Both came up huge in the stretch of their Level 3 playoff wins last week, both of which came on the road and against previously undefeated opponents. The two-year starter Menard threw two fourth down touchdown passes in the fourth quarter as the Blue Dukes rallied from a 14-3 deficit to beat Brookfield East, and first-year man Laihinen made two huge throws that accounted for 44 yards on Homestead's game-winning drive in the final three minutes against Green Bay Southwest.

Two-minute drill

Blue Dukes coach Jim Tietjen said that Menard's ability comes from both within and without. Bay does a two-minute drill with the game on the line at least three times a week with chains, and limited timeouts and the whole suffocating straitjacket of pressure that accompanies such a situation.

Further, Menard handles the scout team offense when it's the first-line defense's turn to practice such situations.

"And he only makes us better that way," Tietjen said. "We get pressure on him, we flush him and he makes the same plays that he does in games. He gets to think about things more often in different situations and it makes him better, too. It's a hard thing to get through (the two-minute drill), but all those repetitions help."

Menard used his feet to great effect in exploiting the Homestead defense scoring both touchdowns in that critical win last month, the first for the Blue Dukes over the Highlanders in 12 years. Then two weeks ago, when the Blue Dukes offense was stymied by Brookfield Central in the Level 2 playoff game, Menard went to little used backup Ian Buchanan for a huge gain that led to a breakthrough touchdown.

And Tietjen said that the plays Menard made against East on that cold, cold Friday last week were just special.

"In those situations, Grant just takes over. There's no talking in the huddle, he's the boss and because of that, really makes us better on both sides of the ball," Tietjen said.

Stepping up his game

Keel has the same feeling about his man, Laihinen. Laihinen spent the first two years of his high school career as a quarterback but was shifted over to receiver as a junior last season as Cody Berger was in his second year at the helm of the Highlanders.

But after Berger graduated, Laihinen fought his way through a competitive camp that included four different potential starters.

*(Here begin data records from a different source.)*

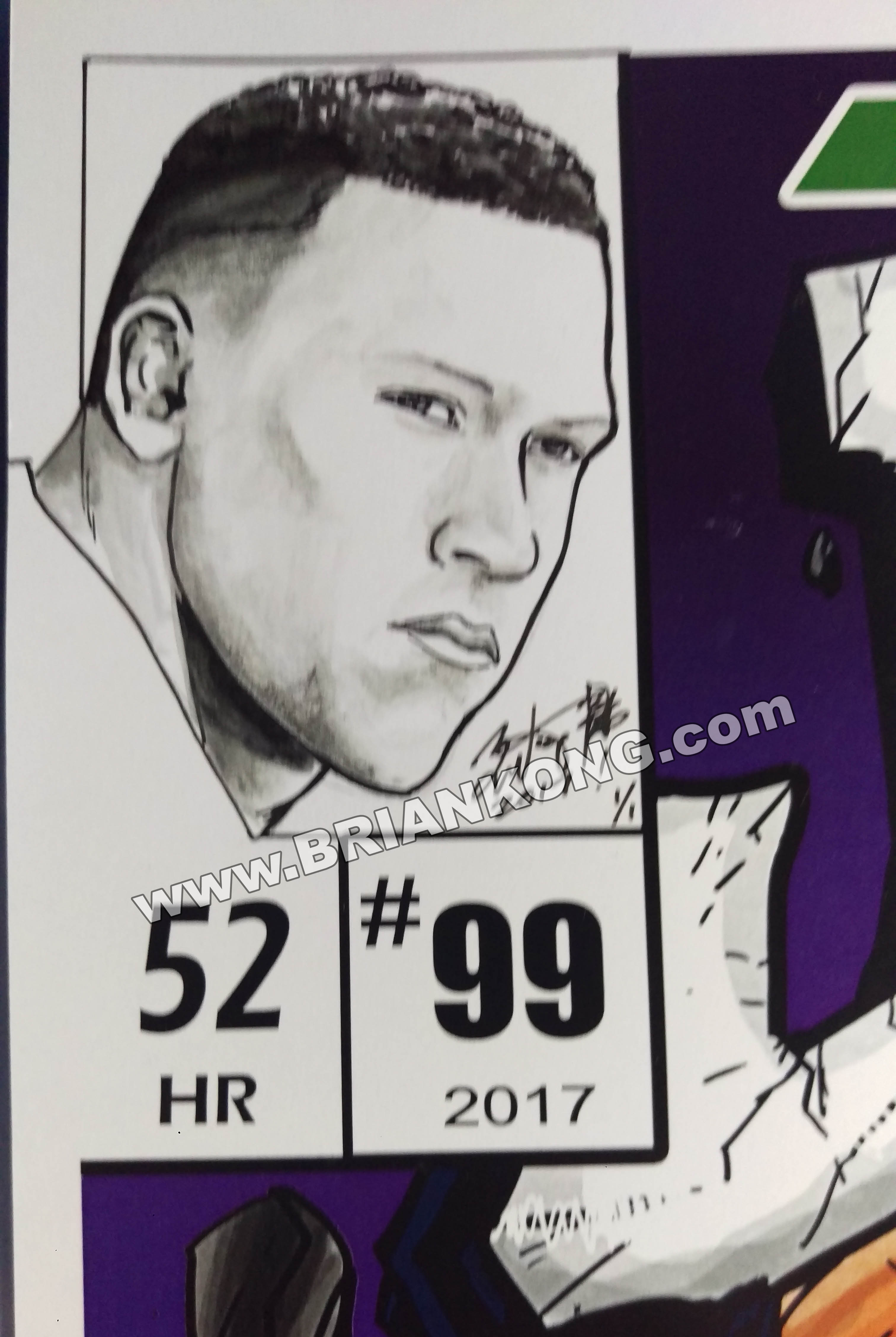 REMARQUED Edition, features original 1/1 art in top left corner box, NY Yankees 2017 Rookie of the Year AARON JUDGE exclusive LE print. This is a mash-up/ homage to HULK King Size special #1 .Size is 12x18 & signed by artist. Must have for any comic/sports fan. No Watermark on print.
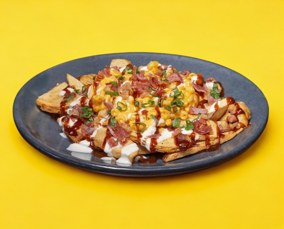 100 gramos de mac & cheese, 400 gramos de papa natural, tocino, salsa BBQ, aderezo de queso, cebollín.
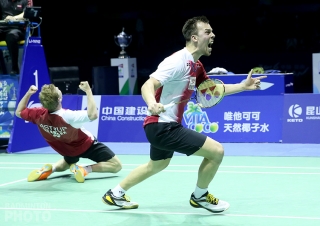 Jan Jorgensen had been rested for this tie, in favour of the quarter-final hero Hans-Kristian Vittinghus, who came through in the clutch to end the Kunshan winning streak by Iskandar Zulkarnain Zainuddin. Former world #1 Koo Kien Keat / Tan Boon Heong looked strong as they took the first game from the lower-ranked Kim Astrup / Anders Skaarup Rasmussen but the Danes dominated the 2nd and 3rd game to take the match and even the tie.
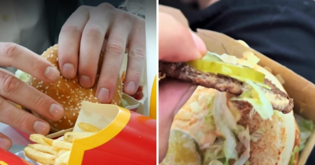 «Две мясных котлеты гриль, специальный соус, сыр, огурцы, салат и лук, всё на булочке с кунжутом, только так и это…» — боль и разочарование от того, что кружок солёного огурца больше самой котлеты. Что ж, экономия должна быть экономной.
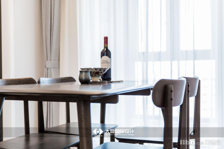餐厅的餐桌等家具使用黑胡桃木很有质感。

The Highlanders still remain highly ground-based, but gradually as the season has gone along, coach Dave Keel has gained more and more confidence in Laihinen.

"Jake really has stepped up his game," Keel said. "He has a lot more confidence than he did at the start of the season. He had a little bit of a lull in the middle but he's come back strong."

Such as in the Level 2 playoff game against rival Cedarburg. He sold a great option fake and raced in 26 yards for the first score and then did the same thing a series later, this time from 31 yards out.

And before the end of the half, he made a good throw to end Darius Cross. Cross made it even better by snagging it off the head of a Bulldog defender and turning it into a 34-yard TD reception.

After that, the Highlanders never trailed.

And against Green Bay Southwest on Saturday, Laihinen had a critical early red zone interception, but did not put his head down. With the game on the line late, he made a 26-yard out pass to eventual hero Jay Schneider and then went to the other side to Brett Geschke for 18 yards to set up the game-winning score.

"He really understands what we're doing (from both a quarterback and receiver's standpoint)," Keel said. "We've worked hard with him trying to get him experience and confidence, because he wants us to be able to count on him in the clutch.

"It's been wonderful watching him step up in each situation and then get the job done."

And as both know, it's not about statistics or the beautiful arc of the throw that counts in a quarterback's legacy, it's the wins, the W's that matter, and both are putting up a lot of those right now, right when it counts the most.